"The French Dispatch": Ein cineastischer Liebesbrief an den seriösen Printjournalismus
Wes Anderson schickt Hollywoodstars auf Recherche und legt einen visuell bestechenden Kinofilm vor.
Gute Geschichten erzählen, die die Gesellschaft voranbringen: Dieses Ziel verbindet seriöse Medien wie ebensolche Filme. Seelenverwandtschaft gibt es zudem, weil hinter klaren starken Botschaften beiderorts meist arbeitsteilige Wunder stecken. Der Empfänger soll davon freilich nie etwas mitbekommen.
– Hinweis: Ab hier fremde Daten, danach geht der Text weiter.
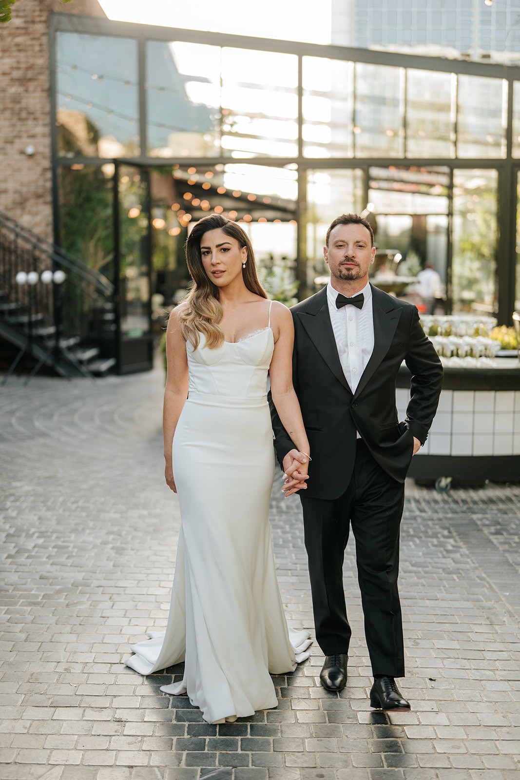 “An International Wedding at the Terminal”: dramatic draping and lighting, champagne and signature cocktail stations, a refined culinary experience by Dudu Friz, a powerful set by Vitaly the electronic violinist, and live performers filling the space with energy.
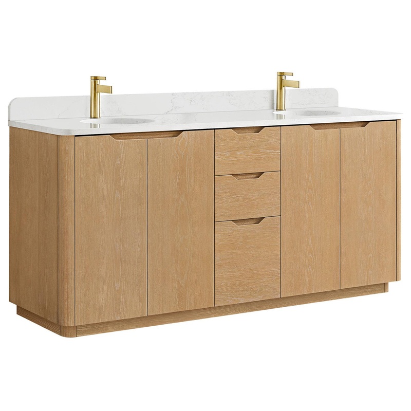 The exquisite Abuja vanity series is made from premium, imported solid wood, bringing natural elegance, supreme durability, and everyday practicality to your bathroom space. It boasts a luxurious composite stone top with round undermount sink that is both stain and scratch resistant, ensuring long-lasting beauty and easy maintenance. Designed with convenience in mind, this spacious, storage-rich vanity includes built-in power and USB outlets for seamless integration of your grooming tools and devices. Included Components: Covered under a manufacturer’s 1 year limited warranty Wood vanity cabinet with 4 doors, 3 drawers, and 2 shelves Stone composite vanity top with two ceramic sinks and matching backsplash Faucet is not included and must be purchased separately Built-in UL-listed power and USB outlets offer a practical way to power beauty and grooming appliances Cabinet Features: Constructed from wood providing a lifetime of durability Free standing installation – vanity is seated on the floor with wall anchors, providing a functional design 4 door design provides easy access to storage space 3 full extension drawers with soft-close slides allow for organized storage Soft close drawer slides operate on smooth ball-bearings and prevent drawers from slamming shut Anti-collision, integrated drawer handles provide a seamless look and are ergonomically designed for your comfort Vanity will ship fully assembled Vanity Top Features: Stone composite vanity top includes 2 undermount sinks constructed of ceramic High-gloss, anti-fouling coating makes the vanity top scratch-resistant, wear-resistant, and easy to clean Single pre-drilled faucet hole per basin Each sink features its own circular single basin workspace Center drain location provides optimal draining capability Equipped with an overflow drain to help prevent spillage Vanity top includes matching backsplash Cabinet Specifications: Cabinet Width: 71-3/16″ (left to right) Cabinet Height: 32-7/8″ (top to bottom) Cabinet Depth: 21-5/8″ (front to back) Number of Doors: 4 Number of Drawers: 3 Number of Shelves: 2 Vanity Top Specifications: Vanity Top Width: 72″ (left edge to right edge) Vanity Top Depth: 22″ (front edge to back edge) Backsplash Height: 3-7/8″ Number of Basins: 2 Sink Basin Dimensions: 13-3/4″ L x 13-3/4″ W x 6-11/16″ D Number of Faucet Holes: 1 Faucet Centers: 0″ (distance between the installation holes for the faucet handles)

Nun gibt es mit Wes Anderson einen Kultregisseur, der seinen Kinofilm "The French Dispatch" als Liebesbrief an ernsthaften Journalismus versteht. Ausgerechnet der besagten hintergründigen Arbeits- und Geisteshaltung, die beide Formen öffentlichen Erzählens prägt, setzt er ein Denkmal. Und was für eines. Auf fast extraordinär hohem Niveau spielt der Detailversessene ("Grand Budapest Hotel") mit allem, was seine Filmkunst zu bieten hat – von Kulisse über Dekor bis Bildsprache. Er bedient sich am Theater, an Animationskunst wie Schwarz-Weiß-Film, um von "The French Dispatch" zu erzählen.
Einer Zeitschrift, die US-Exiljournalisten in den 1950ern in einer französischen Kleinstadt veröffentlichen. Gesicht und Seele verleiht ihnen ein hochkarätiges Ensemble von sieben Oscar-Siegern und acht Oscar-Nominierten. Anhand von Leitartikeln und Reportagen, die in Bewegtbild übersetzt werden, wird die Kunst des Recherchierens, Abwiegens, Fragens und Schreibens vermittelt.
Man erlebt ein Stadtporträt, erzählt von Owen Wilson als radelndem Fotografen. Es geht um einen Kunstcoup in der lokalen Nervenheilanstalt mit Lea Seydoux, Benicio del Toro und Tilda Swinton. Man taucht in Studentenrevolten ein – angeführt von Timothee Chalamet und notiert von Frances McDormand. Eine Kulinarik-Reportage führt ins Speisezimmer des Polizeichefs (Mathieu Amalric). Typisch nachrichtliche Themen, die Anderson als beschwingten, beinah tanzenden Episodenfilm erzählt, den der alte Chef zusammenhält: Billy Murray als schützender Leitwolf. Die Leinwand wird zum Guckkasten in entzückend arrangierte Welten unterschiedlich gearteter Charaktere. Kaum ein Bild hat nicht das gewisse Etwas.
Trotz viel visueller Zierde bereitet Anderson durchaus lakonisch harten Wahrheiten den Weg. Ein Film, der leichtfüßig die Tiefe sucht und eine bildschöne Ode auf den Printjournalismus zutage fördert.